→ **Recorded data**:
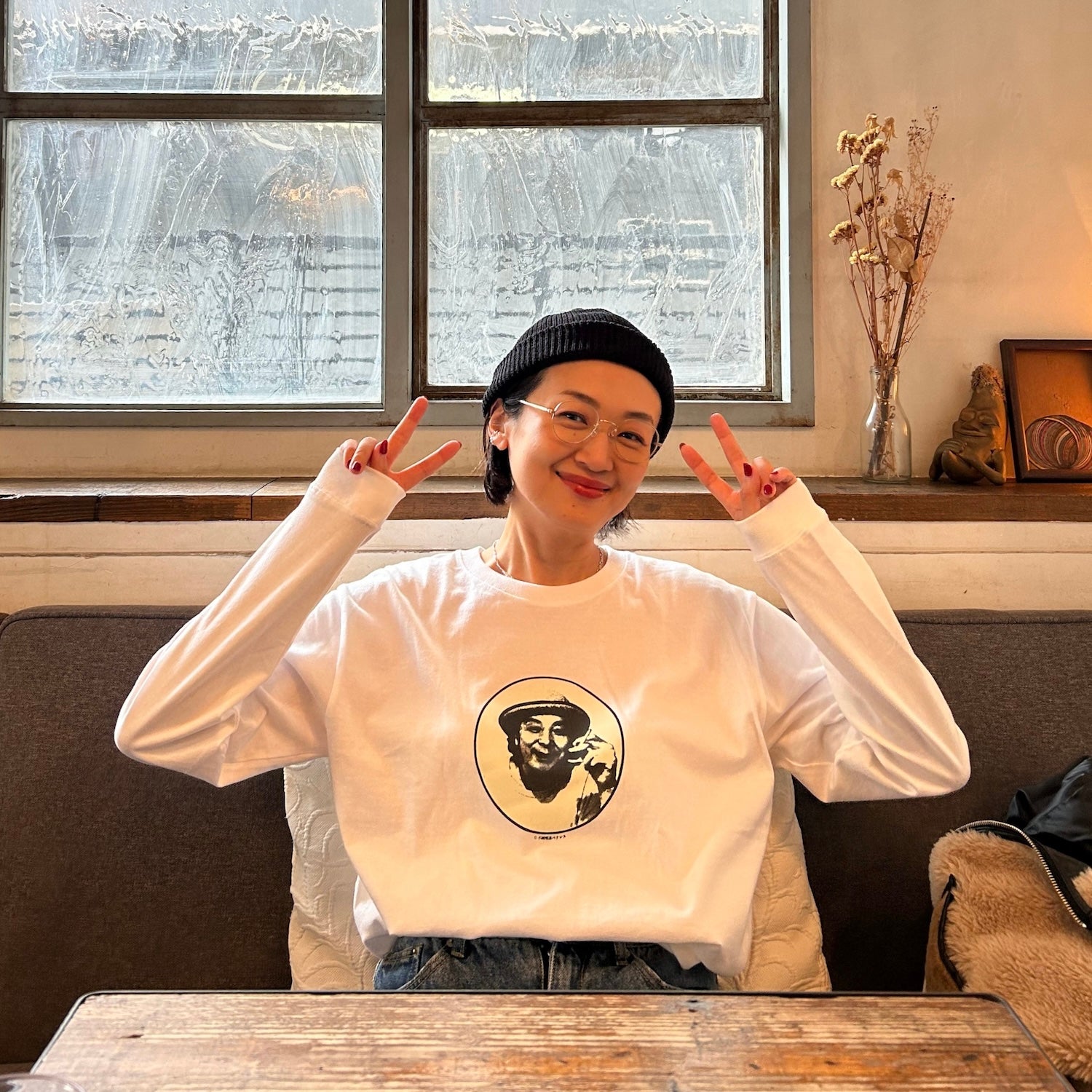 私のロゴやグッズでもお世話になっているデザイナーが主を務める「不純喫茶ベナレス」のTシャツは全て「どうかしている」。その中でも一際「どうかしている」このおじさんの愛らしい顔を胸に掲げた時、なんとも言えない遊び心が体の奥底からみなぎってくる。着用時の視聴率100%、最強の抜け感、絶妙な洒落気分の日にぜひ。
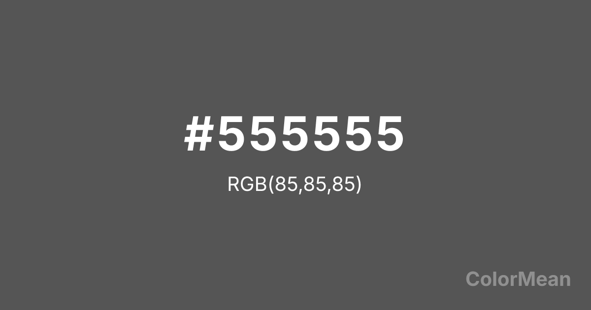 Davy Grey (#555555) RGB value is (85, 85, 85). The hex color red value is 85, green is 85, and blue is 85. Its HSL format shows a hue of 0°, saturation of 0 percent, and lightness of 33 percent. The CMYK process values are 0 percent, 0 percent, 0 percent, 67 percent.
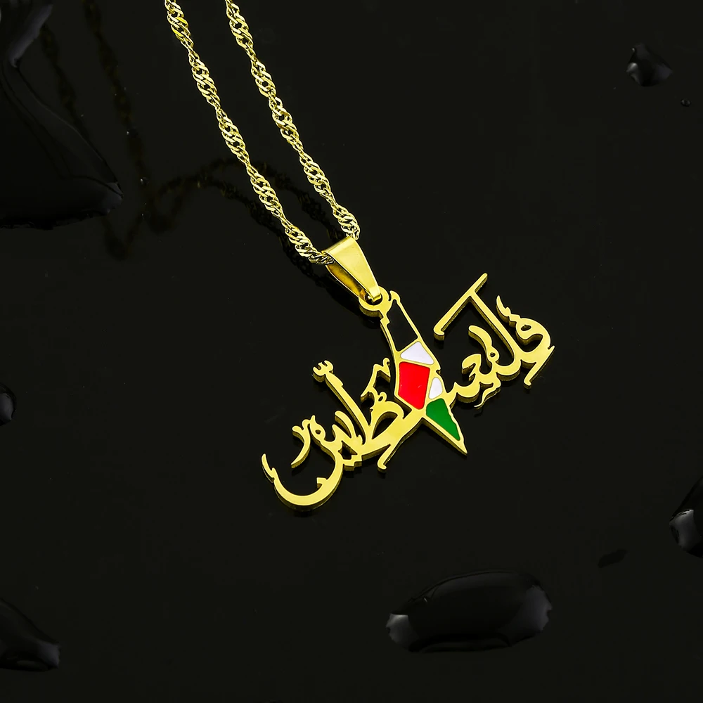 Palestine Map Flag Necklace – Stainless Steel Pendant
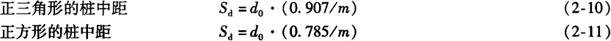 式中 Sd——夯实水泥土桩中距(m); d0——夯实水泥土桩的桩径(m); m——面积置换率(%)。 面积较小的独立基础或较窄的条形基础,可按面积置换率确定桩数,由桩数及基础尺寸确定桩距。 (4)基底下应铺50~150mm厚的褥垫层,当桩体承担较多荷载时,褥垫层的厚度取小值,反之应取大值。垫层材料可用中砂、粗砂、石屑或灰土。 2.夯实水泥土桩承载力及变形计算 (1)按现场复合地基荷载试验确定地基承载力。一级建筑物、地质条件复杂的场地或在同一场地处理面积较大时,按试验取得的参数进行设计。曲线上有明显比例极限时,可取比例极限对应的荷载;当极限荷载小于对应比例极限荷载的1.5倍时,取极限荷载的50%;或取相对变形值S/b=0.006~0.010所对应的荷载。 (2)复合地基承载力的标准值和单桩承载力标准值,可分别按式(2-12)和式(2-13)进行计算。
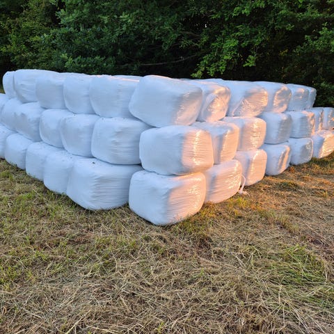 Wrap-baller i Morten Koch størrelser 25-35 kg/stk. 1.slæt høstet 12/6 i solskin og tørt vejr på mark uden ukrudt i det skønneste sommervejr. Ikke sprøjtet. Meget lækkert græs. 120 kr/stk. Gørløse (send helst pb, da jeg ikke ser kommentarer så ofte her)

→ **Task prompt**: Please output exactly the lines of the data above, from its first line through the line with "式中 Sd——夯实水泥土桩中距(m); d0——夯实水泥土桩的桩径(m);", and nothing else; drop the pictures.

→ **Answer for this exercise**:
 私のロゴやグッズでもお世話になっているデザイナーが主を務める「不純喫茶ベナレス」のTシャツは全て「どうかしている」。その中でも一際「どうかしている」このおじさんの愛らしい顔を胸に掲げた時、なんとも言えない遊び心が体の奥底からみなぎってくる。着用時の視聴率100%、最強の抜け感、絶妙な洒落気分の日にぜひ。
 Davy Grey (#555555) RGB value is (85, 85, 85). The hex color red value is 85, green is 85, and blue is 85. Its HSL format shows a hue of 0°, saturation of 0 percent, and lightness of 33 percent. The CMYK process values are 0 percent, 0 percent, 0 percent, 67 percent.
 Palestine Map Flag Necklace – Stainless Steel Pendant
 式中 Sd——夯实水泥土桩中距(m); d0——夯实水泥土桩的桩径(m); m——面积置换率(%)。 面积较小的独立基础或较窄的条形基础,可按面积置换率确定桩数,由桩数及基础尺寸确定桩距。 (4)基底下应铺50~150mm厚的褥垫层,当桩体承担较多荷载时,褥垫层的厚度取小值,反之应取大值。垫层材料可用中砂、粗砂、石屑或灰土。 2.夯实水泥土桩承载力及变形计算 (1)按现场复合地基荷载试验确定地基承载力。一级建筑物、地质条件复杂的场地或在同一场地处理面积较大时,按试验取得的参数进行设计。曲线上有明显比例极限时,可取比例极限对应的荷载;当极限荷载小于对应比例极限荷载的1.5倍时,取极限荷载的50%;或取相对变形值S/b=0.006~0.010所对应的荷载。 (2)复合地基承载力的标准值和单桩承载力标准值,可分别按式(2-12)和式(2-13)进行计算。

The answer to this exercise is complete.